University of Florida

Fuck those people.

Anonymous said...

"So there's the target audience, or the audience they're getting. Bad enough, & a good indication of why they'll never fire Free Market Megan."

Well, if they don't fire her for her stupid, ill-thought ideas because they toe the line, how about they just fire her because she writes like shit?

Susan of Texas said...

And because she's boring, and talks about herself all the time,and her recipes are shite, and she talks about her bff Matt all the time, and she can't write one post without making it about herself and her virtues.

I guess we could ignore her, but I'm awfully tired of watching people shill and lie for the administration and get wealthy doing it.

At least we can make sure she knows she's not fooling anyone.

Anonymous said...

Susan, the sad thing is, she is fooling some. Asslickers abound over there. I think that's part of her problem. She started writing when political blogs were largely a right-wing circle jerk and all she ever heard was how wonderful and smart and beautiful she was. Once that gratefully opened up, a lot of people saw her pretentious, self-satisfied, boastful rubbish for the crap that it is. It may bother you, but I don't really care if she shills for the administration. I wouldn't want someone to shut up just for having an opinion different from mine.
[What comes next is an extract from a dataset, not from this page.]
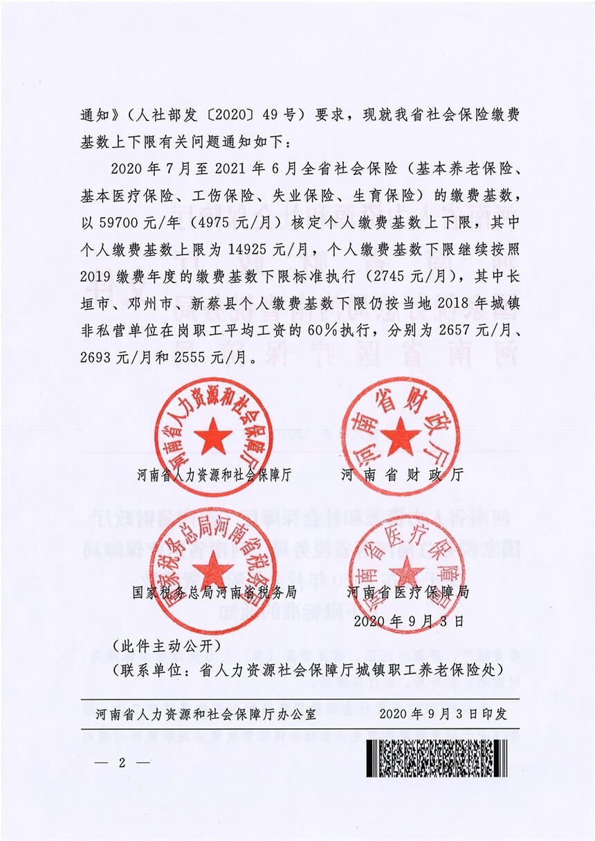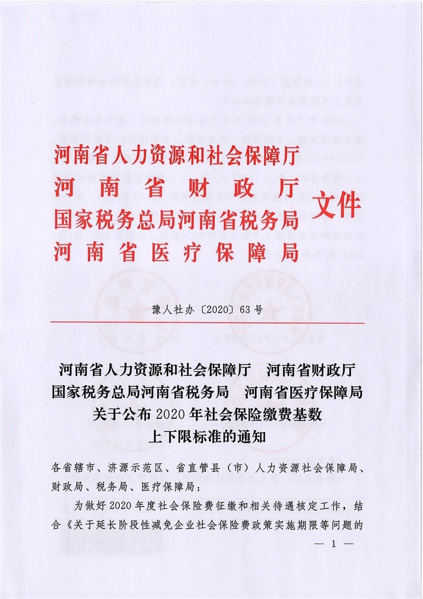 河南省人力资源和社会保障厅 河南省财政厅 国家税务总局河南省税务局关于公布2020年社会保险缴费基数上下限标准的通知

I just want her gone because she sucks and I can think of a ton of good writers (not me - I quit j-school for a reason) who deserve to have paying gigs for their talents before her.

Susan of Texas said...

I'm pretty tolerant of different opinions, but I become overly angry at manipulation for personal gain. If someone is lying because she lies to herself, I just see that as sad, athough preventable. Megan does a lot of that, of course. But she also lies for ego gratification (as you say) and economic gain (salary, reputation). Which makes her dangerous.

Her commenter are incredible. I can't believe the intensity of their blind adherence to dogma. It's tribalism to the --nth degree. Of coaurse, it's backed up by ignorance and spite, to make the picture complete.

Althouse must be jealous. (And if she isn't, that can be arranged.)

Anonymous said...

"Suddenly (a few pp. before the staples) there is a distinct drop in advertiser quality. Bose noise-cancelling headphones."

What's the beef with Bose? Those headphones kick ass. Make fun of Rosetta Stone all you want, but do not fuck with The Bose.

Anonymous said...

PS- Love the blog. Eff Megan. That's all I have to say.

M. Bouffant said...

I was not in an way, shape or form fucking w/ "The Bose." Were "The Bose" to send me some of their fine products I'd be very appreciative. It's just that every radio talker seems to do a commercial for them, & that pretty much puts them on a "buy gold etc." level.

Hell, I remember when "The Bose" made actual high end audio gear & everyone wanted their speakers, though at $500.00 a pair they were out of most young losers' reach. Now they seem to want to save money on advertising & marketing, so we get downscale ad efforts & nightstand audio gear.

(Goddamnit, need a new onion for my belt.)

Spencer, have you seen the ad in question? It's a full-page close up of an alligator w/ only eyes & nostrils showing, & some edu-corporate bullshit text. Sad.